● Exercise
Type out the listing below exactly. Pictures stay out of it.

● Recorded information
--- START ---

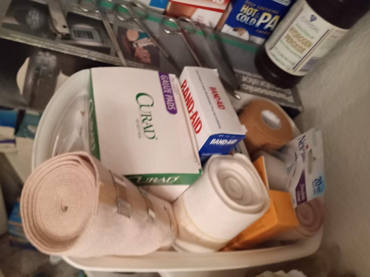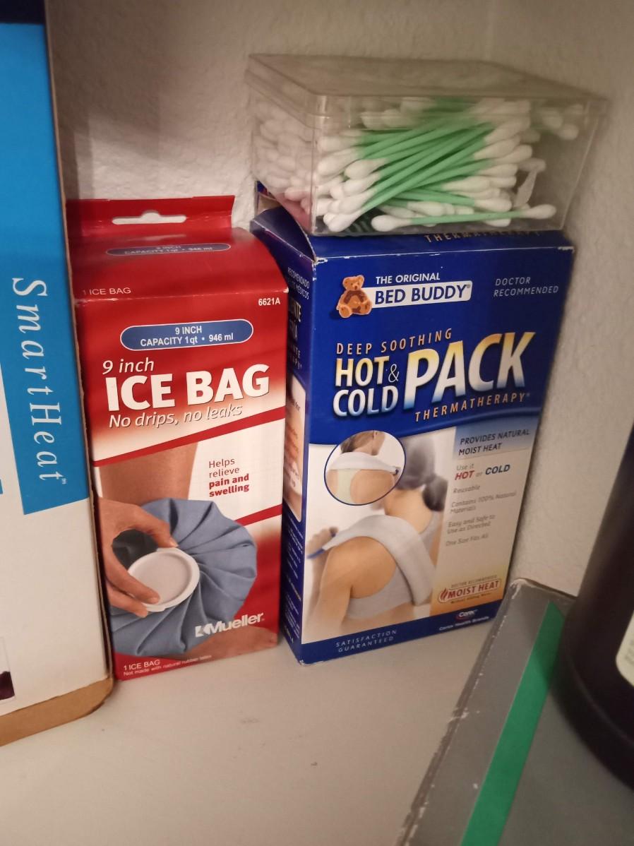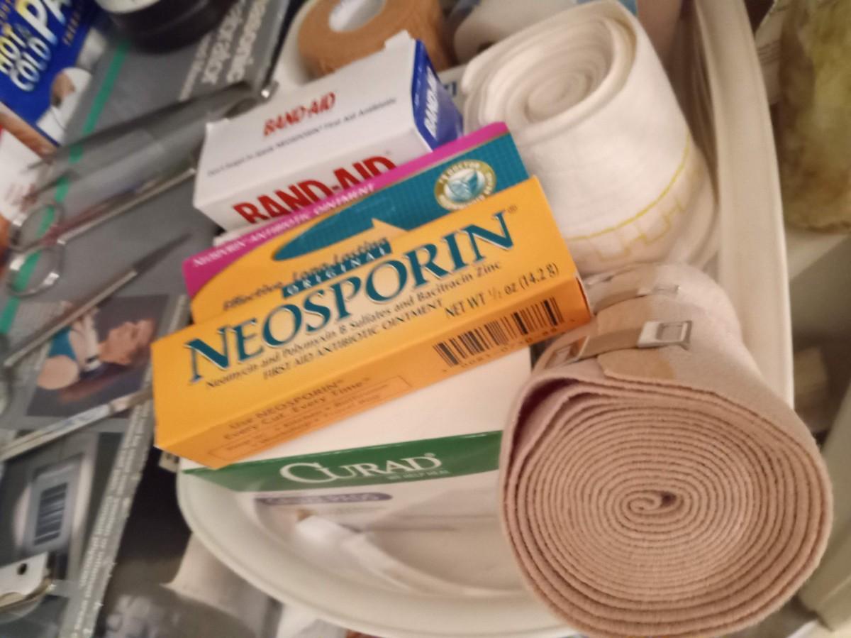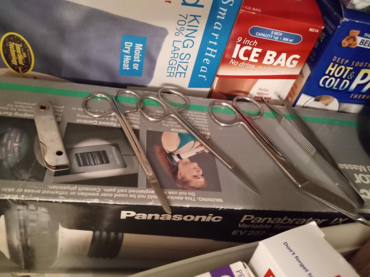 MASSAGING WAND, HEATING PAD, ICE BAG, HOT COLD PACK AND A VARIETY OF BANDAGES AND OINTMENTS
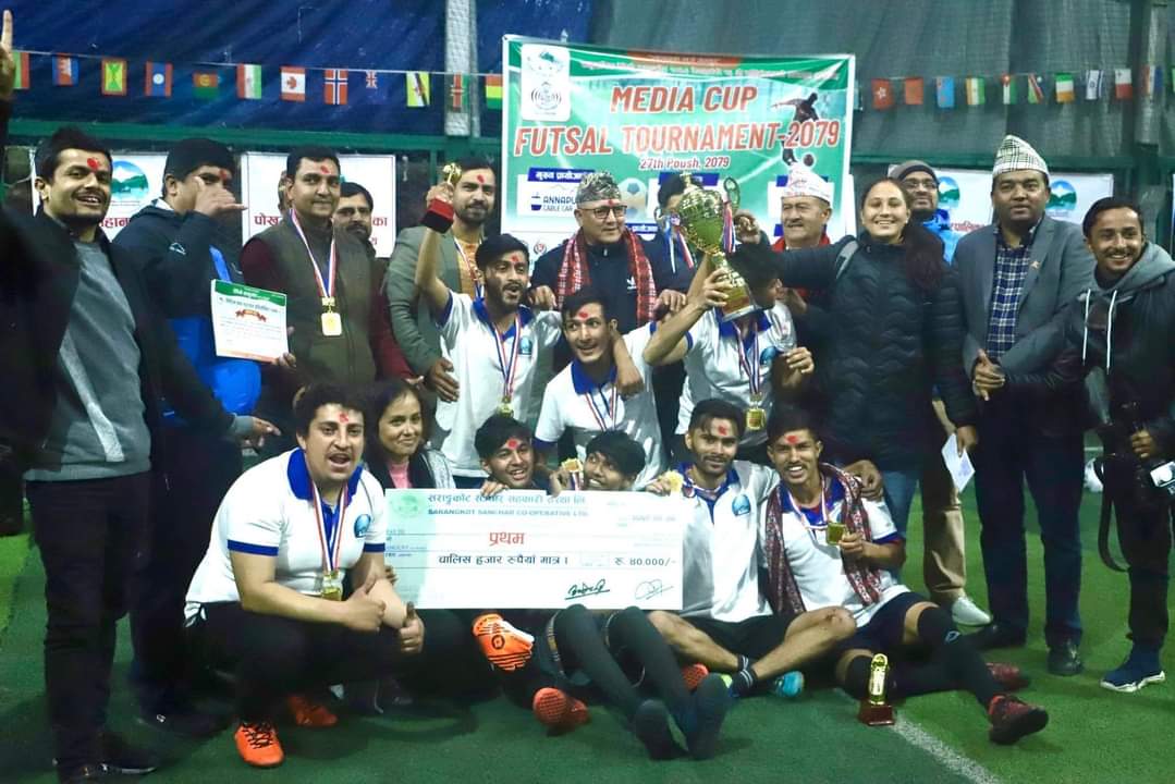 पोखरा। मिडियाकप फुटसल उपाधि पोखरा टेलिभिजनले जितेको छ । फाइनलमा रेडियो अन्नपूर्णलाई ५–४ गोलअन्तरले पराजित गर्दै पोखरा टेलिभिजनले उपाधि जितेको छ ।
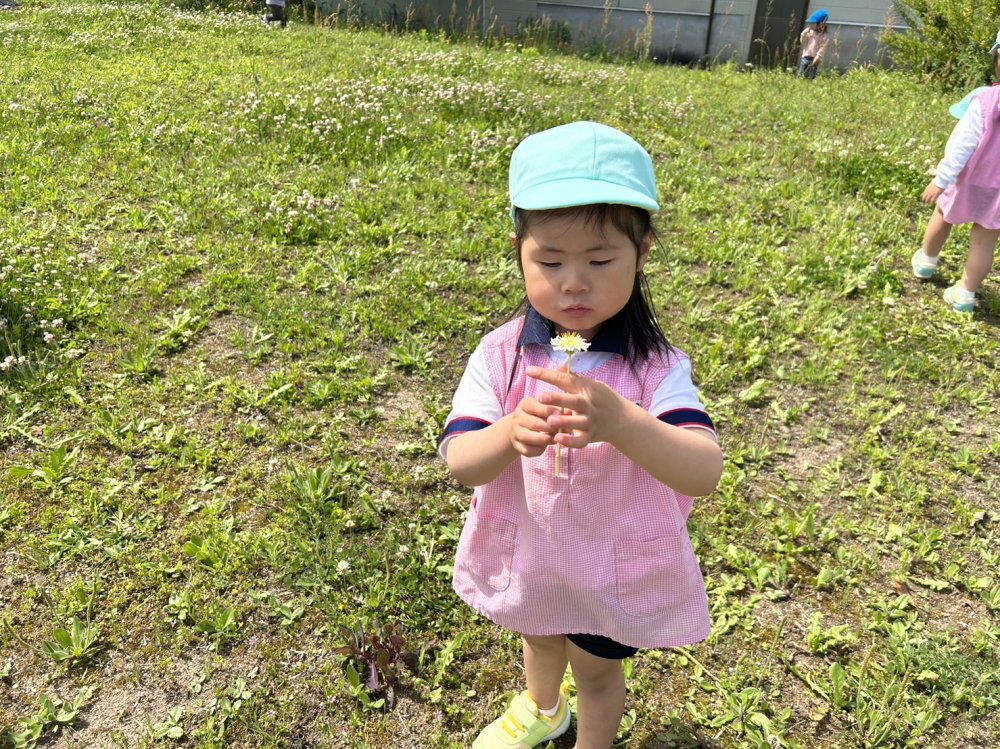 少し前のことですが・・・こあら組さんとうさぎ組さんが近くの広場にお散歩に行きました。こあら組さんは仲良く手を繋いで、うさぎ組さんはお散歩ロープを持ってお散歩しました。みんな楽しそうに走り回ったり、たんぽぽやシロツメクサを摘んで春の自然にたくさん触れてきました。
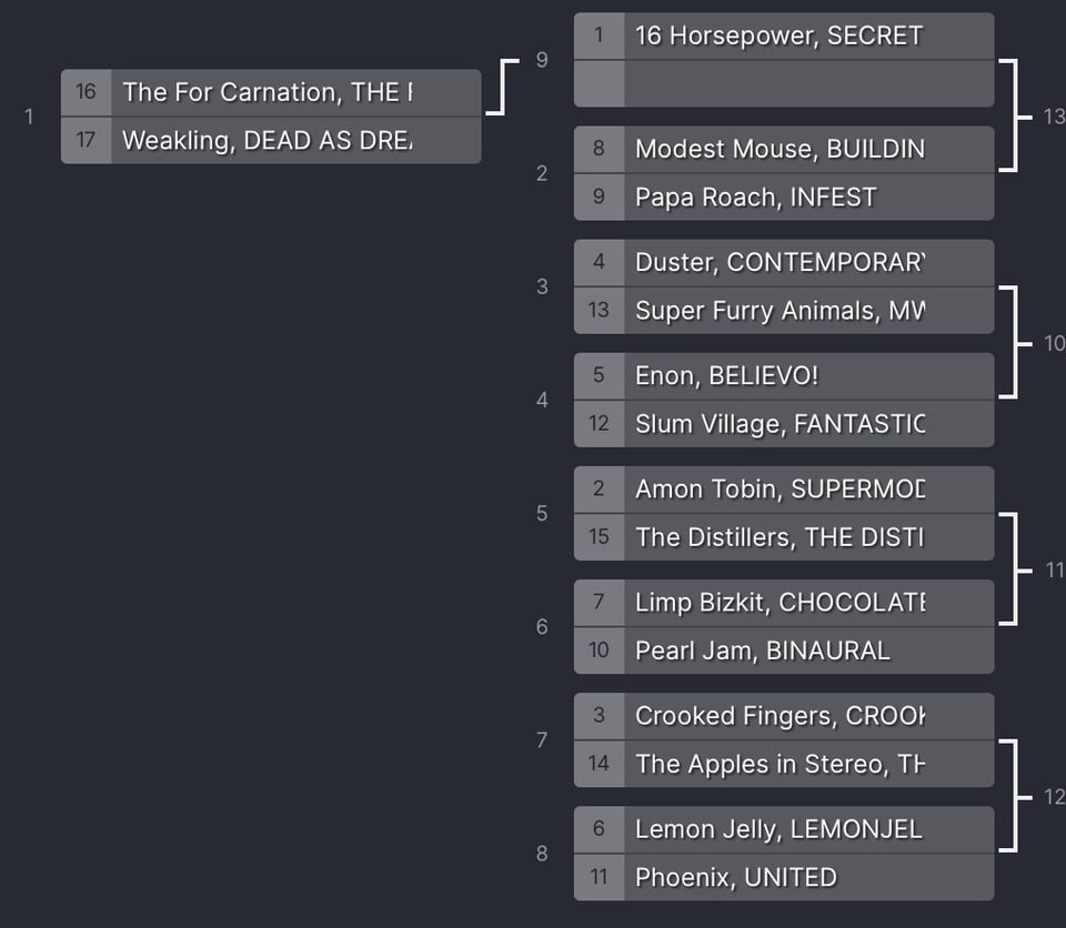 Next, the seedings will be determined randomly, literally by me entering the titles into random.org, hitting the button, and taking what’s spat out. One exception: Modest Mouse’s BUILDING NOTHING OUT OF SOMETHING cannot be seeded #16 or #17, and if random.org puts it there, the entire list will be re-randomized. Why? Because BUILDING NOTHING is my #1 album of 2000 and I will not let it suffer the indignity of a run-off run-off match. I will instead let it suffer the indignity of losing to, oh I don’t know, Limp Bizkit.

--- END ---

● Answer below
 MASSAGING WAND, HEATING PAD, ICE BAG, HOT COLD PACK AND A VARIETY OF BANDAGES AND OINTMENTS
 पोखरा। मिडियाकप फुटसल उपाधि पोखरा टेलिभिजनले जितेको छ । फाइनलमा रेडियो अन्नपूर्णलाई ५–४ गोलअन्तरले पराजित गर्दै पोखरा टेलिभिजनले उपाधि जितेको छ ।
 少し前のことですが・・・こあら組さんとうさぎ組さんが近くの広場にお散歩に行きました。こあら組さんは仲良く手を繋いで、うさぎ組さんはお散歩ロープを持ってお散歩しました。みんな楽しそうに走り回ったり、たんぽぽやシロツメクサを摘んで春の自然にたくさん触れてきました。
 Next, the seedings will be determined randomly, literally by me entering the titles into random.org, hitting the button, and taking what’s spat out. One exception: Modest Mouse’s BUILDING NOTHING OUT OF SOMETHING cannot be seeded #16 or #17, and if random.org puts it there, the entire list will be re-randomized. Why? Because BUILDING NOTHING is my #1 album of 2000 and I will not let it suffer the indignity of a run-off run-off match. I will instead let it suffer the indignity of losing to, oh I don’t know, Limp Bizkit.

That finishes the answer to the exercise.